Task statement.
Nothing but the records, transcribed exactly, should appear in the answer; leave the pictures out.
_____
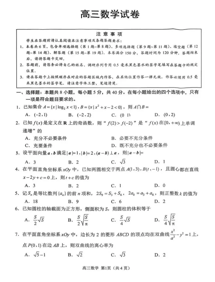 试题下载链接:2026苏州高三期末数学试卷+答案.pdf
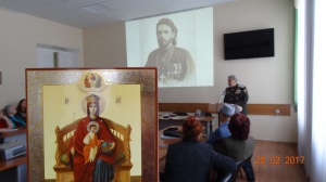 Так же, отец Иаков, представил собравшимся, одну из главных святынь современной России - икону Божией Матери «Державная», обретенную 2(15) марта 1917г - в самый день отречения от престола страстотерпца царя Николая II. Cогласно церковному преданию, этот чудотворный образ имеет особое промышление о конечных судьбах мира. Сама Богоматерь хранит мир до времени пришествия антихриста, Сама становится духовной Самодержицей нашей страны и охранительницей Престола для будущего Помазанника Божия. Образ является также залогом прощения русского народа, который через неисчислимые страдания, кровь и слезы должен прийти к покаянию. Символическое значение явления иконы «Державная» состоит в том, что гибель монархии послана народу в наказание, но сама Богородица хранит символы царской власти, что даёт надежду на покаяние и возрождение России и русского государства. Пред иконой Пресвятой Богородицы «Державная» молятся о правде, сердечной радости, нелицемерной любви друг к другу, о мире в стране, о спасении и сохранении России, о покровительстве трона и государства, об избавлении от иноплеменных и о даровании исцелений телесных и душевных.
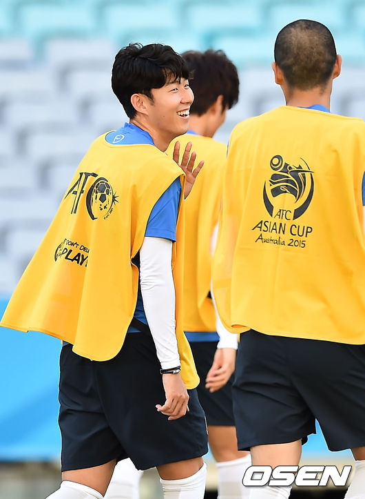 울리 슈틸리케 감독이 이끄는 한국 축구대표팀이 이라크와의 2015 아시안컵 4강전에 대비해 25일 오후 호주 시드니 스타디움 오스트레일리아서 훈련을 가졌다. 그라운드 위에서 손흥민이 환하게 웃고 있다.
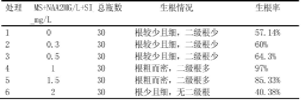 按生根情况来看,以MS+NAA 2mg/L+Si1mg/L的生根最好,具体情况如下表
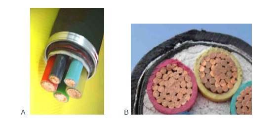 图6 A 一条粗电缆有几条细电缆组成 B 每条细电缆由许多细丝电线组成
_____
Task output.
 试题下载链接:2026苏州高三期末数学试卷+答案.pdf
 Так же, отец Иаков, представил собравшимся, одну из главных святынь современной России - икону Божией Матери «Державная», обретенную 2(15) марта 1917г - в самый день отречения от престола страстотерпца царя Николая II. Cогласно церковному преданию, этот чудотворный образ имеет особое промышление о конечных судьбах мира. Сама Богоматерь хранит мир до времени пришествия антихриста, Сама становится духовной Самодержицей нашей страны и охранительницей Престола для будущего Помазанника Божия. Образ является также залогом прощения русского народа, который через неисчислимые страдания, кровь и слезы должен прийти к покаянию. Символическое значение явления иконы «Державная» состоит в том, что гибель монархии послана народу в наказание, но сама Богородица хранит символы царской власти, что даёт надежду на покаяние и возрождение России и русского государства. Пред иконой Пресвятой Богородицы «Державная» молятся о правде, сердечной радости, нелицемерной любви друг к другу, о мире в стране, о спасении и сохранении России, о покровительстве трона и государства, об избавлении от иноплеменных и о даровании исцелений телесных и душевных.
 울리 슈틸리케 감독이 이끄는 한국 축구대표팀이 이라크와의 2015 아시안컵 4강전에 대비해 25일 오후 호주 시드니 스타디움 오스트레일리아서 훈련을 가졌다. 그라운드 위에서 손흥민이 환하게 웃고 있다.
 按生根情况来看,以MS+NAA 2mg/L+Si1mg/L的生根最好,具体情况如下表
 图6 A 一条粗电缆有几条细电缆组成 B 每条细电缆由许多细丝电线组成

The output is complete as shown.